The measurable signal in semiconductor detectors arises from the induced current created by moving charge carriers within the detector. This phenomenon is well-described by the Shockley-Ramo theorem [52]. According to this theorem, the instantaneous induced current i(t) due to a single moving charge q is given by:

$$i(t) = q\vec{v}(t) \cdot \vec{E}_w \tag{2.6}$$

where  $\vec{v}(t)$  is the instantaneous velocity of the charge, and  $\vec{E}_w$  is the weighting field defined as the electric field distribution within the detector when one electrode is set to unit potential while all others are grounded. The Shockley-Ramo theorem is crucial for designing detector geometries and understanding signal shapes.

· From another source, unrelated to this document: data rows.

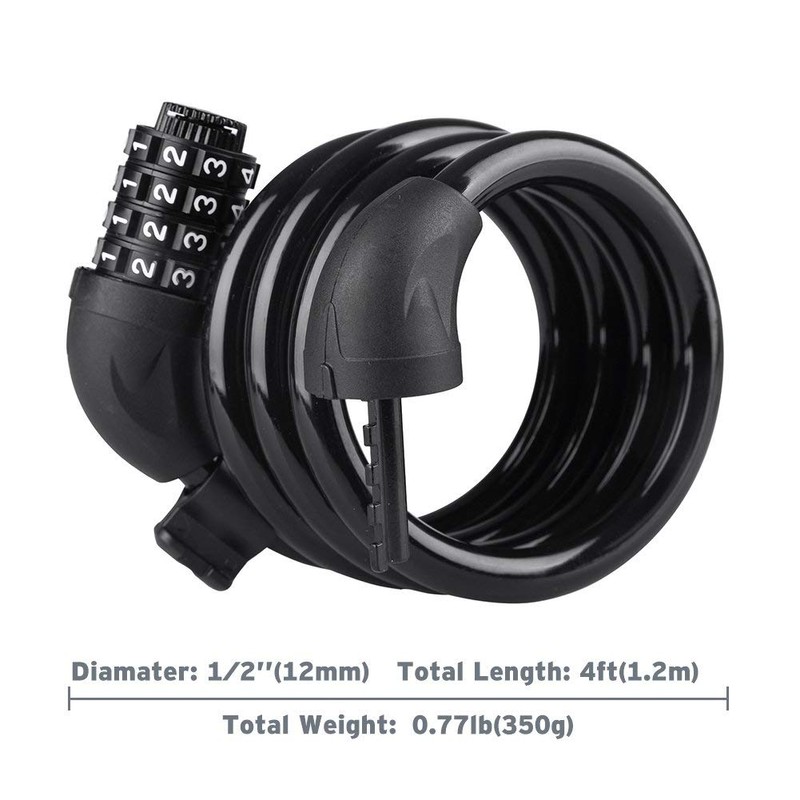 - Resettable combination bike lock: Smart 4-digit resettable coiling lock, easy to set your own personalized combinations. As a kind of combination lock, it saves you a lots of unnecessary troubles, like carrying the keys all the time.
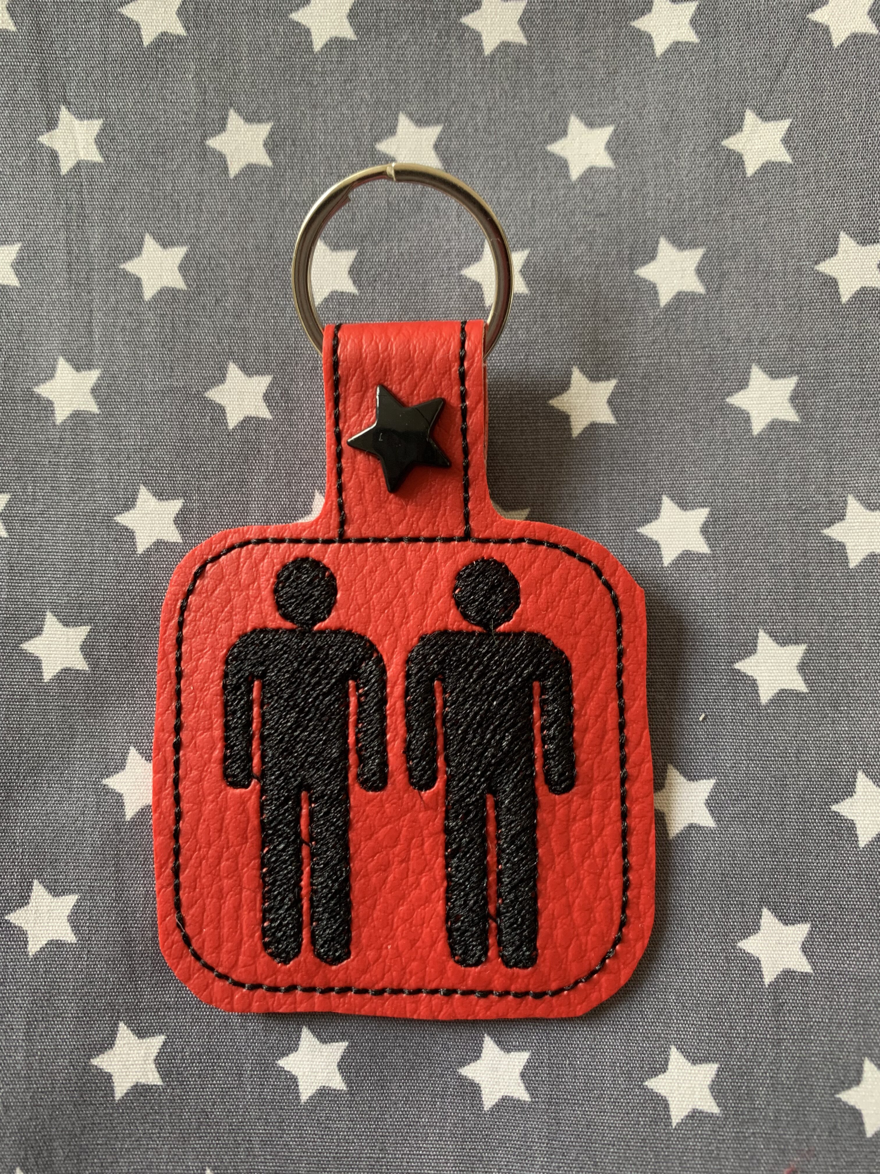 Porte clés Homme et Homme brodé sur simili cuir rouge.
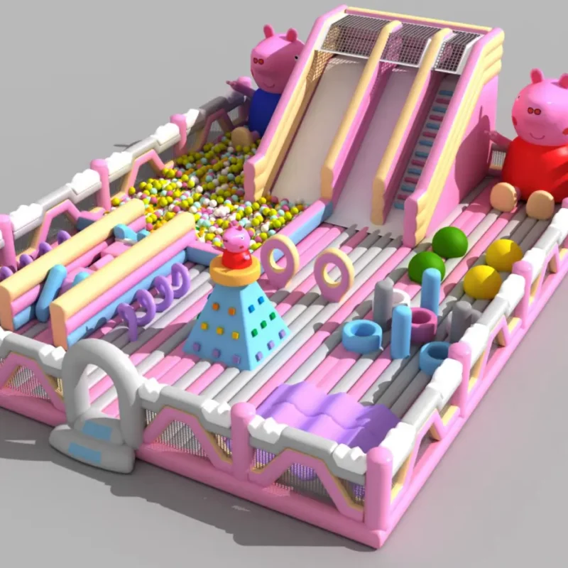 🐷 Bring the beloved world of Peppa Pig to life with our spectacular Peppa Pig Themed Inflatable Play Park, featuring the iconic pink pig family and their colorful adventures across a massive 20 x 15 meter entertainment complex. This officially-inspired design captures the charm and whimsy of Peppa’s world with bright pinks, cheerful pastels, and beloved character elements that create an immersive play experience for young fans and families.

The charge collection efficiency in semiconductor detectors is critical for accurate energy measurement and depends on carrier lifetime, drift lengths, and detector geometry. During transport, charge carriers may recombine or become trapped at impurity sites or crystal defects, reducing the efficiency [53]. The presence

of traps and recombination centers reduces the measurable charge, and thus the detector's performance. Strategies such as increasing purity, optimizing detector thickness, or operating at cryogenic temperatures can mitigate trapping and enhance detector efficiency. Also critical is the uniformity and strength of the electric field, which significantly affect charge transport and collection. Non-uniform fields can lead to incomplete charge collection and position-dependent signals, complicating signal interpretation. Detectors with carefully engineered electrode structures help ensure uniform fields and improve spatial resolution and energy accuracy.

Signal formation is inherently influenced by electronic noise. The key contributors to electronic noise in semiconductor detectors include thermal noise, flicker (1/f) noise, and shot noise [54]. Additionally, statistical fluctuations in charge generation, described by the Fano factor, influence the energy resolution [28]. The energy resolution ( $\Delta E$ ) of the detector can be expressed as:

$$\frac{\Delta E}{E} = 2.35 \sqrt{\frac{F\varepsilon}{E}} \tag{2.7}$$

where F is the Fano factor (approximately 0.15 in silicon), reflecting the deviation from Poissonian statistics due to correlations in charge carrier generation.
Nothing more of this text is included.